“Without a library and archive at its heart a learning institution becomes no more than a trade union for its members.”
Charles McKean, Professor of Scottish Architectural History, University of Dundee.
With this phrase, Professor McKean defines the impact on a learned institution should it be separated from its cultural heritage, and specifically what could happen to an institute of practising and academic professionals that has established a reputation out of years of experience and debate.
This is the situation facing the Landscape Institute which represents Landscape Architects, Landscape Managers and Landscape Scientists; those concerned with the environment and working to conserve, develop and plan better places for us to live in, work in and enjoy, sometimes even celebrate. In the UK, membership is just over five and a half thousand, including those practising abroad, corporate members and other professional institutions. For each landscape architect in the UK there are some twenty architects.
The Landscape Institute was granted Royal Chartership in 1997, a coming of age some sixty years after its birth and a huge achievement that owes thanks to the group of twelve who looked forward into the future in 1929. Sylvia Crowe was made a Dame in 1973, Geoffrey Jellicoe was knighted in 1979, and is to be recognised in 2009 by a Blue Plaque that will go on to his former home in Grove Terrace, Hampstead. Peter Shepheard was knighted in 1980 and former librarian Sheila Harvey became an MBE in 2008 recognising over forty years of service.
The Landscape Institute holds the largest single current and historic collection of books, journals, articles and original design drawings dedicated to landscape architecture in the UK and includes original drawings prepared by some of those founder members. The Institute Archive holds over 3,000 drawings and is complemented by a library that gives context to this body of work; what was happening at the time, what was the Government policy of the day and what Landscape Architects were doing to address significant Environmental Challenges.
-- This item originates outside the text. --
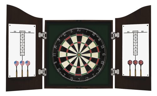 Everything you need to play a high stakes game of darts is packed into this beautiful Harvil Deluxe Solid Wood Dartboard Cabinet Set. This high-quality cabinet is made of North American poplar hardwood, and stained with a beautiful espresso finish. The cabinet features two pub style chalk scoreboards for playing cricket and 01, two sets of darts with British and American flights, and a regulation dartboard with a removable number ring. This handsomely finished cabinet stores and protects your dartboard while protecting your back wall from stray darts during games and adds a touch of elegance to your game room.

Today members, and indeed anybody else researching landscape issues, have free access to this remarkable resource. It is used by a diverse range of researchers, from students studying the subject to academics from all over the world, but for how much longer?
In late 2008 members were informed by the Landscape Institute that, ‘due to a financial crisis facing the Institute’, there would have to be cuts in expenditure “across the board” of the Institute’s operations. One such cut was to consider disposal of the Archive and Library, and the archivist was made redundant in January 2009.
In November 2008 a quorate of members called for an Extraordinary General Meeting to request the Institute reconsider the idea of disposal and to raise awareness (to the Executive) that members strongly valued the archive and library and wished it to remain intact, including staff, as an integral element of the organisation.
The EGM was constituted for 22 January 2009; some 150 members attended, including three past Presidents and a number of Fellows. This remarkable gathering attracted members from far and wide, Wales, Ireland, Scotland, north England and demonstrated the passion and high regard held for the work of both the Archivist and Librarian.
Past President Hal Moggeridge (OBE, VMH) delivered an heroic address which was received in determined silence by the Executive. He presented the chief executive with a rare copy of a booklet he had written and researched at the LI library, recording the origins of the Landscape Institute and the International Federation of Landscape Architects. He encouraged the chief executive to read the booklet and then safeguard it in the Institute library for future reference.
The vote went in favour of saving the Archive, the Library and the staff post. But this does not guarantee that these are safe because Trustees have the final say.
The prospect of dispersal of these invaluable collections aroused the attention of a broad church of supporters, including President of the GHS, Lady Lucinda Lambton; past president, Sir Roy Strong; Christopher Woodward, Director The Garden Museum; Christine Lalumia, Deputy Director The Geffrye Museum (GHS Council member); Ed Bennis ; Sheila Harvey MBE; Charles Birnbaum, The Cultural Landscape Foundation and Inga Grimsey, Director of the RHS.
Discussions with ‘potential recipients of the Archive’ revealed that whilst some might be willing to take on curation of the Archive (in fact a few would ‘bite off our hands’ to get hold of it), each of these organisations urged LI members to lobby the Institute for retention of the Archive and Library as it is the cultural heart and collective memory of Landscape Architects everywhere.
So: whither the Landscape Institute? We can sit back and allow this to happen or, in the words of aesthete Sir Harold Acton: “fight the philistine”. We have a choice and it is our choice, as members of the LI, to fight.
In 1895 The Royal Horticultural Society sold its library whilst facing a financial crisis, they are still today buying back books that once formed a part of its collection then. As is known by free thinkers the world over the disposal, deliberate or otherwise, of a Library or Archive is undertaken by the philistine for fiscal or other reasons. It does not benefit advancement, understanding, peace or knowledge; values that are irreplaceable.